“The idea is to match renewable power production with market demand within seconds,” said Duncan Dale of Statkraft in the UK. “The increasing share of renewable energy in the UK will require a maximum of flexibility in the British power grid. By integrating batteries and engines into the virtual power plant and optimising their operations we can provide this flexibility reliably.”
The virtual power plant monitors the operations of more than 1000 MW of wind, solar, battery storage and gas engines. It compares it with constantly-updating Day Ahead, On-the-Day and Cash Out (indicative electricity imbalance) price forecasts, allowing what Dale calls “real time optimisation of power trading in the British energy market”.

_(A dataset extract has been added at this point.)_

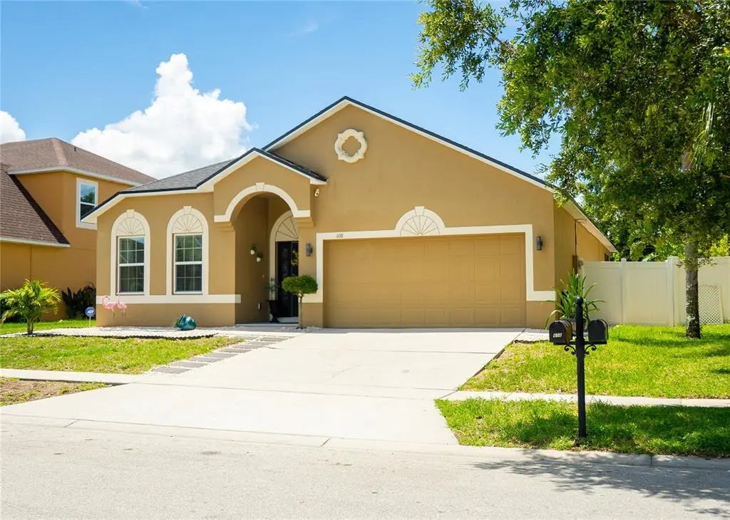 Welcome to this stunning 3-bedroom, 2-bathroom home with 1,634 sq. ft. of luxurious living space! Built in 2014, this beautifully maintained home features a spacious, open floor plan filled with high-end upgrades that enhance both comfort and style. The living room features elegant ceiling fascia with a beautiful ceiling fan with lighting, creating a soft, ambient glow and a sleek, modern aesthetic. Gorgeous new vinyl flooring (installed in 2023) flows throughout the main living areas, while a replaced carpet (installed in 2023) is in all bedrooms for added warmth and comfort. The gourmet kitchen is a showstopper, boasting stainless steel appliances, a large island with quartz countertops (Installed in 2020), perfect for cooking and entertaining guests. Enjoy Florida living at its finest with a covered and screened-in lanai, ideal for outdoor relaxing and entertaining. FULLY FENCED FOR PRIVACY. *** The pendant lights in the kitchen are for decorative purposes only. The patio shed does not convey and will be removed before closing***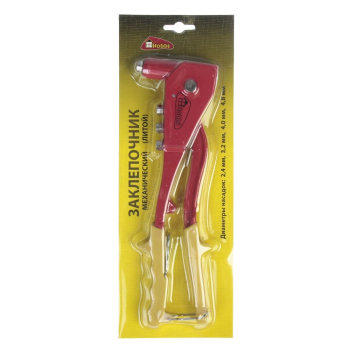 Описание: Заклёпочник механический с насадками для заклепок диаметром 2,4 мм, 3,2 мм, 4 мм, 4,8 мм. Стальной штампованный рычаг, пластиковые рукоятки. Длина: 230 мм. Материал: Металл, пластик. Корпус штампованный. Тип: механический(литой). Заклепочник оснащен ПВХ рукоятками с местом для крепления ключа для замены насадок.

And Statkraft is planning to double the capacity of the virtual power plant by the summer. Dale said that making best use of flexibility will facilitate the integration of intermittent power generation into the electricity system and by that the expansion of renewable energy in the UK.
Software from German firm Energy & Meteo Systems will connect, coordinate and monitor the decentralised sites, storage facilities and controllable loads, via a common intelligent control centre.
In doing so, it can act within various energy markets as would a conventional power plant. Dr Ulrich Focken, founder of Director of Energy & Meteo, said that combining these functionalities with optimised power forecasting means that “fluctuating, decentralised power sources can be reliably integrated into the energy grid and profitably marketed at an energy exchange”.
In Germany, Statkraft already interconnects more than 1400 wind and solar installations in what is Europe’s largest virtual power plant, with an installed capacity of around 12,000 MW.